Aluminium 3103: Komposisi, Sifat, Panduan Temper & Aplikasi
Bagikan
Table Of Content
Table Of Content
Ikhtisar Komprehensif
Alloy 3103 merupakan anggota dari keluarga aluminium-mangan 3xxx series, diklasifikasikan sebagai paduan tempa yang diproduksi secara komersial dan tidak dapat diperlakukan dengan panas. Unsur mikro-paduan utama adalah mangan, dengan penambahan kecil dan pengendalian impuritas silikon, besi, tembaga, dan magnesium untuk menyesuaikan kekuatan dan kemampuan pembentukan.
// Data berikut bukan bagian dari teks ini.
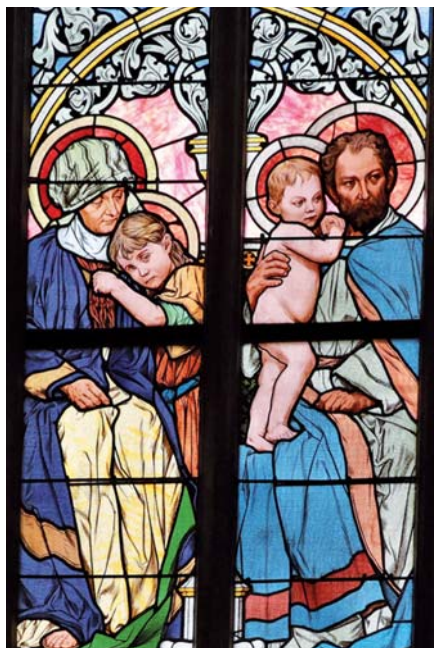
Sv. Anna a sv. Josef (chrám sv. Barbory v Kutné Hoře)

Ježíš nás vybízí, abychom nekladli překážky těmto malým zázračným gestům, a chce dokonce, abychom je vyvolávali a nechávali růst. Chce, abychom život vedli tak, jak se nám představuje, a pomáhali při probouzení těchto nepatrných gest lásky, jež jsou znamením jeho živé a čínorodé přítomnosti v našem světě.

Kekuatan pada 3103 terutama dihasilkan oleh efek larutan padat dan pengerasan regangan selama pengerjaan dingin, bukan melalui perlakuan panas presipitasi. Paduan ini mengombinasikan kekuatan sedang dengan keuletan sangat baik, ketahanan korosi yang unggul di berbagai lingkungan atmosfer, serta kemudahan pengelasan dan pembentukan untuk produk lembaran dan ekstrusi.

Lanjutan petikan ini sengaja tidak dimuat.